- [The data]
◆ ◆ ◆ ◆ ◆ ◆ ◆

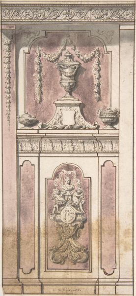 Giuseppe Barberis created this monochromatic print of the "Mausoleo Di S. Ansovino Nella Cattedrale" using engraving techniques. The print meticulously captures the mausoleum's multi-tiered structure, ornate columns, and figures, all rendered in contrasting shades that suggest depth and texture. Barberis's close attention to line work and detailing transforms the stone sculpture into a study of architectural form and surface. The composition is clearly divided into horizontal registers, each densely packed with semiotic elements drawn from Christian iconography and classical motifs. This reflects the cultural codes and belief systems the mausoleum was created to convey, inviting viewers to engage with its symbolic language. The artist creates a dialogue between aesthetic representation and cultural meaning that remains open to interpretation.
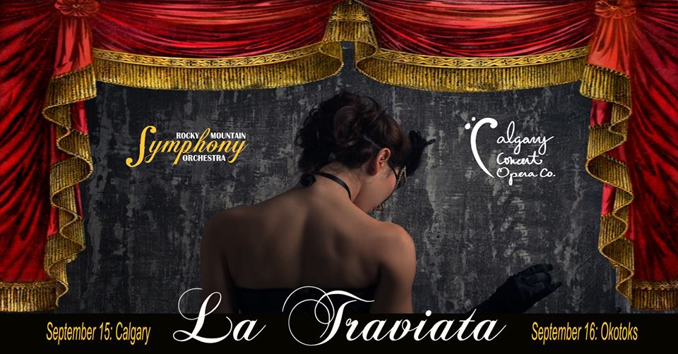 Calgary Concert Opera Company and Rocky Mountain Symphony Orchestra come together to present: La Traviata by Verdi! September 15th at First Baptist Church – 1311 4 St SW at 7 pm September 16th at Okotoks United Church – 43 Riverside Dr at 3 pm Featuring: Violetta: Kathleen Morrison (Calgary) Violetta: Linda Miller (Okotoks) Alfredo: Dan Rowley Germont: Adam Brousseau Flora: Barbara King Annina: Cindy MacDonald Gastone: Valentin Borsu (Calgary) Gastone: Oliver Munar (Okotoks) Dottore & Barone: Ian Fundytus Marchese: Paul Lloyd Guiseppe: Stuart Lloyd Commissioner: Chad Ruston Foothills Philharmonic Opera Chorus (Tim Korthius, Chorusmaster) 12 Musas Flamenco (Anastassiia La Musa) This concert will be accompanied by 16 members of the Rocky Mountain Symphony Orchestra. Tickets: https://primetix.ca/bands/ccoc/la-traviata/ For more information please contact Barbara King at mail@calgaryconcertopera.com
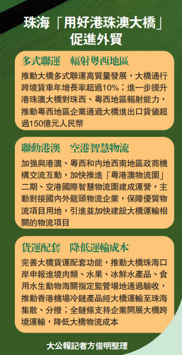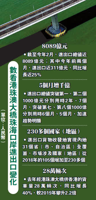 遠東幕牆(珠海)公司通關負責人吳茂慶透露,自港珠澳大橋開通後,企業便從外地搬遷至珠海金灣區,主要出口玻璃幕牆等建材供香港。「從金灣區裝貨出發經大橋出口並抵達香港市場,全程不到3個小時,每天能走30到40車,大橋的高效通關充分提升了企業競爭力。」他說:「得益於大橋通關便利政策不斷創新,企業訂單一年比一年多,去年出口貨值同比增長近1.2倍。」
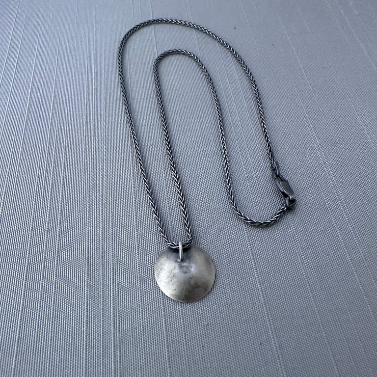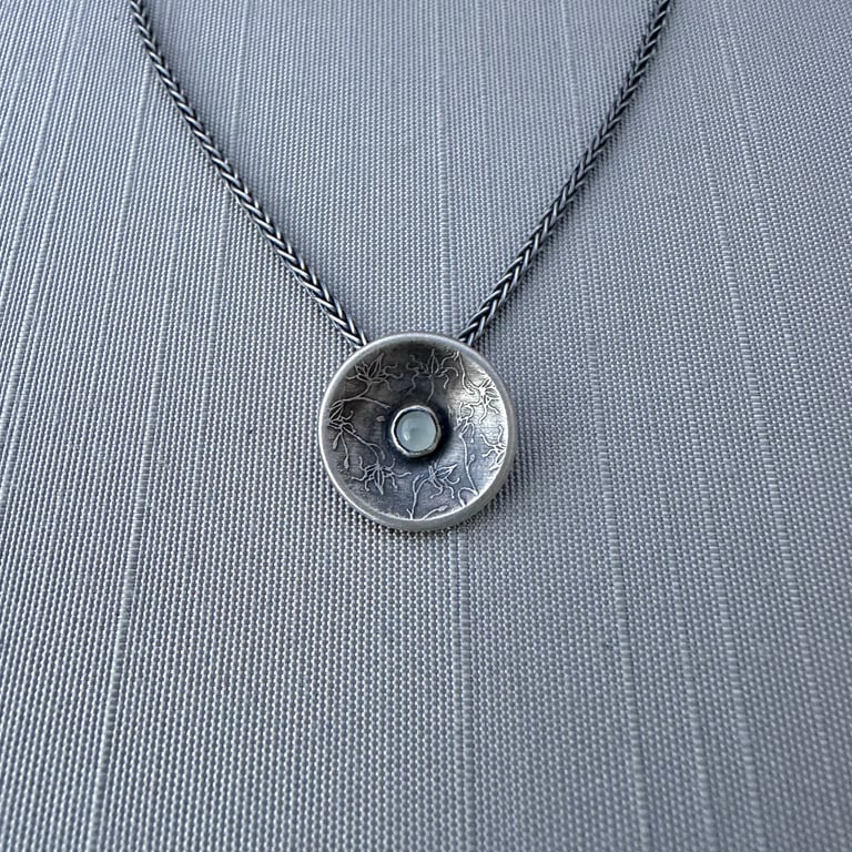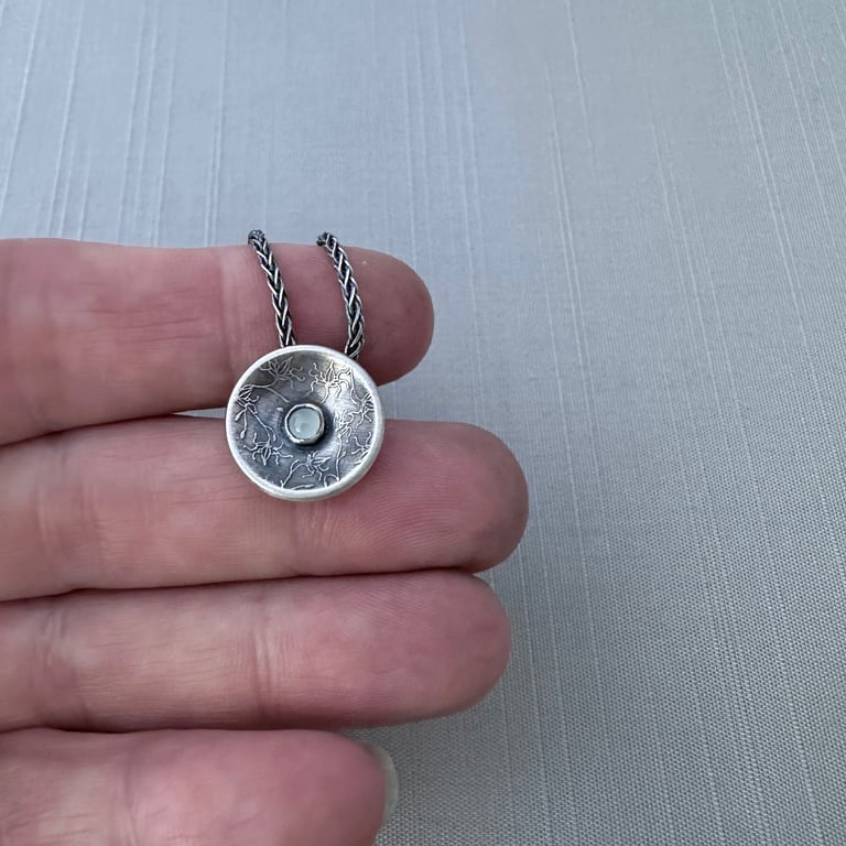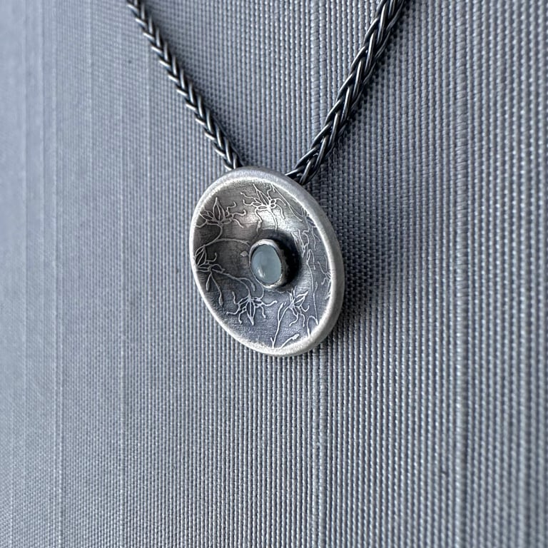 This sterling silver necklace features a 3 mm aquamarine cabochon that I've set in the center of a hand formed sterling silver saucer etched with my original vine lace design. I've given this piece an oxidized, brushed finish. The pendant measures approximately 9/16" in diameter and hangs from an oxidized sterling silver chain.

◆ ◆ ◆ ◆ ◆ ◆ ◆

- [Required action]
When you repeat the material above, keep every word exact and leave out the pictures.

- [Task solution]
 Giuseppe Barberis created this monochromatic print of the "Mausoleo Di S. Ansovino Nella Cattedrale" using engraving techniques. The print meticulously captures the mausoleum's multi-tiered structure, ornate columns, and figures, all rendered in contrasting shades that suggest depth and texture. Barberis's close attention to line work and detailing transforms the stone sculpture into a study of architectural form and surface. The composition is clearly divided into horizontal registers, each densely packed with semiotic elements drawn from Christian iconography and classical motifs. This reflects the cultural codes and belief systems the mausoleum was created to convey, inviting viewers to engage with its symbolic language. The artist creates a dialogue between aesthetic representation and cultural meaning that remains open to interpretation.
 Calgary Concert Opera Company and Rocky Mountain Symphony Orchestra come together to present: La Traviata by Verdi! September 15th at First Baptist Church – 1311 4 St SW at 7 pm September 16th at Okotoks United Church – 43 Riverside Dr at 3 pm Featuring: Violetta: Kathleen Morrison (Calgary) Violetta: Linda Miller (Okotoks) Alfredo: Dan Rowley Germont: Adam Brousseau Flora: Barbara King Annina: Cindy MacDonald Gastone: Valentin Borsu (Calgary) Gastone: Oliver Munar (Okotoks) Dottore & Barone: Ian Fundytus Marchese: Paul Lloyd Guiseppe: Stuart Lloyd Commissioner: Chad Ruston Foothills Philharmonic Opera Chorus (Tim Korthius, Chorusmaster) 12 Musas Flamenco (Anastassiia La Musa) This concert will be accompanied by 16 members of the Rocky Mountain Symphony Orchestra. Tickets: https://primetix.ca/bands/ccoc/la-traviata/ For more information please contact Barbara King at mail@calgaryconcertopera.com
 遠東幕牆(珠海)公司通關負責人吳茂慶透露,自港珠澳大橋開通後,企業便從外地搬遷至珠海金灣區,主要出口玻璃幕牆等建材供香港。「從金灣區裝貨出發經大橋出口並抵達香港市場,全程不到3個小時,每天能走30到40車,大橋的高效通關充分提升了企業競爭力。」他說:「得益於大橋通關便利政策不斷創新,企業訂單一年比一年多,去年出口貨值同比增長近1.2倍。」
 This sterling silver necklace features a 3 mm aquamarine cabochon that I've set in the center of a hand formed sterling silver saucer etched with my original vine lace design. I've given this piece an oxidized, brushed finish. The pendant measures approximately 9/16" in diameter and hangs from an oxidized sterling silver chain.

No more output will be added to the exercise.